A oncologia de precisão enfrenta muitos desafios que afetam a sua implementação global. O valor e a acessibilidade aos tratamentos direcionados estão entre as principais dificuldades para expandi-la. O alto custo dos medicamentos limita o acesso, especialmente em países de baixa renda.

A privacidade e segurança dos dados genéticos dos pacientes são temas relevantes que precisam ser discutidos e equacionados para garantir a confiança no sistema. Precisamos de regulamentações claras e éticas sobre o uso e compartilhamento desses dados para proteger os direitos dos pacientes e promover a colaboração entre os diversos atores envolvidos.

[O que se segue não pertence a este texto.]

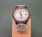 THIS WATCH INCLUDES TWO BRACELET OPTIONS: The stock two-toned rose gold bracelet with butterfly clasp, and the identical construction all-steel version of the same bracelet with butterfly clasp (an additional $250 retail value). The second bracelet was provided by Tissot and includes the original packaging. The dual bracelet option allows for additional flexibility that allows you to chose exactly how much two-toned goodness that you want to wear. Both bracelets quickly interchange with standard springbars, and are currently sized for a 7.5 inch wrist with additional links provided. This watch also includes a Tissot canvas zipper tote bag. TISSOT BALLADE POWERMATIC 80 SILICIUM The Tissot Ballade Powermatic 80 Silicium functions as one of Tissot's flagship models in their brand line up, offering an incredibly refined and sleek model that is great for both the seasoned collector and the high-end consumer alike. With the combination of fluted bezel, gilloche dial to sector dial layout, the ballade takes on a traditional look of elegance that you would often need to pay many thousands of dollars to achieve. The beauty of the Ballade design is the marriage of capability utilising Tissot's construction, both with highly competent movements and durable materials, placed into a platform that can take the knocks of daily life. If you've been looking for a semi-formal watch that can be worn in business formal environments, then dressed down to more casual events with the right strap and bracelet combination, the Ballade is a fantastic choice. This watch is now discontinued and is becoming quite rare and hard to find as a brand new watch. At the pinnacle of Tissot's platform and movement design, The Ballade COSC Silicium uses Tissot's high-end Powermatic Silicium COSC 80-81 movement that offers an 80 hour power reserve that is Swiss Chronometer Certified (COSC). Thanks to the Silicium model's silicone balance spring, the watch maintains a greater level of magnetic resistance when compared to regular watches with a steel balance spring. NOTE: The Powermatic 80 Silicium 80-81 movement is not the same movement used in the PRX. Due to the COSC requirements, the Silicium movement does not use the plastic escapement from the PRX and lower powermatic models. The Powermatic 80 Silicium COSC sits at the top of Tissot's current movement design and capabilities, as the most rugged and accurate movement available in the greater Tissot lineup. Please google "Tissot Powermatic 80 Silicium" for Tissot's video on the movements unique capabilities if you're interested in more information. The watch employs a time-tested and classic two-toned stainless steel case that implements rose gold accents, through to the fine details on the watches' dial. The original bracelet also implements the rose gold accents, however with the secondary bracelet can be swapped over to the steel-only option on the second bracelet. The Ballade uses a surprisingly thin 41mm case design that wears on considerably smaller than the size would suggest, feeling closer to 39mm mm. The watch uses 20mm lugs, making this one an incredible strap monster, capable of taking a range of formal and casual straps. The watch also uses saphire crystal front and back, to increase the durability and scratch resistance of the model. The Tissot Ballade Powermatic 80 Silicium offers an incredible platform to those looking for a more formal watch that doesn't need to be babied or handled with extreme care. While the watch has more formal-looks, the construction, materials and movement scream sports watch, giving the wearer an incredibly accurate and tough watch, that would look completely at home on in a corporate boardroom while also being fully capable on the hiking trail. The Ballade model became the halo watch of the Tissot brand, sitting above even the Gentlemen and PRX models as something a little bit special. This watch is brand new and was purchased for photography and review. The watch includes the original box, manuals, packaging, warranty card, and the additional packaging form the second bracelet. This watch was never worn outside of the photo studio and is in new condition, however there may be very minor surface scratches on the underside of the watch and bracelet from the photography process. The watch case and crystal are immaculate with no signs of wear. This watch sells and ships from Canada and is available for purchase internationally. The buyer assumes responsibility for import duties and taxes on international orders placed outside of Canada. Please refer to your government's websites for imports and international purchases for more information specific to your region. WATCH SPECIFICATIONS: Case Size 41 Case Thickness 9.6 mm Case Material Stainless Steel Case Shape Round Case Back Display Band Band Material Stainless Steel Band Type Bracelet Band Color Two-tone (Silver-tone and Rose Gold PVD), Stainless Steel Band Width 20 mm Clasp Butterfly Dial Dial Color Silver Opaline Type Analog Crystal Scratch Resistant Sapphire Hands Rose Gold-tone Dial Markers Index Second Markers Roman Numerals appear at the 6 and 12 o'clock positions. Arabic Numeral Minute Markers (at 5 minute intervals). Minute Markers around the outer rim Bezel Fixed Bezel Color Rose Gold PVD Bezel Material Stainless Steel Crown Pull / Push Information Brand Tissot Collection Name Ballade Gender Mens Model T108.408.22.278.00 Watch Label Swiss Made Movement Automatic Engine Powermatic 80.811 Power Reserve 80 hours Features Water Resistance 50 meters / 165 feet Calendar Date display at the 3 o'clock position Functions Date, Hour, Minute, Second, Chronometer Watch Features Analog, Stainless Steel, Gold, Chronometer Certified (COSC)

Por fim, o envolvimento do paciente no processo de tomada de decisão sobre os tratamentos que envolvem a medicina de precisão traz muitos ganhos. Garantir que tenham informações corretas para entender melhor a própria condição e as opções da medicina disponíveis pode melhorar significativamente o comprometimento com o tratamento, os resultados e a qualidade de vida.

Para enfrentar todos esses desafios, é fundamental que prevaleça uma perspectiva e um planejamento abrangentes, envolvendo governos, organizações de saúde, empresas farmacêuticas e a sociedade civil.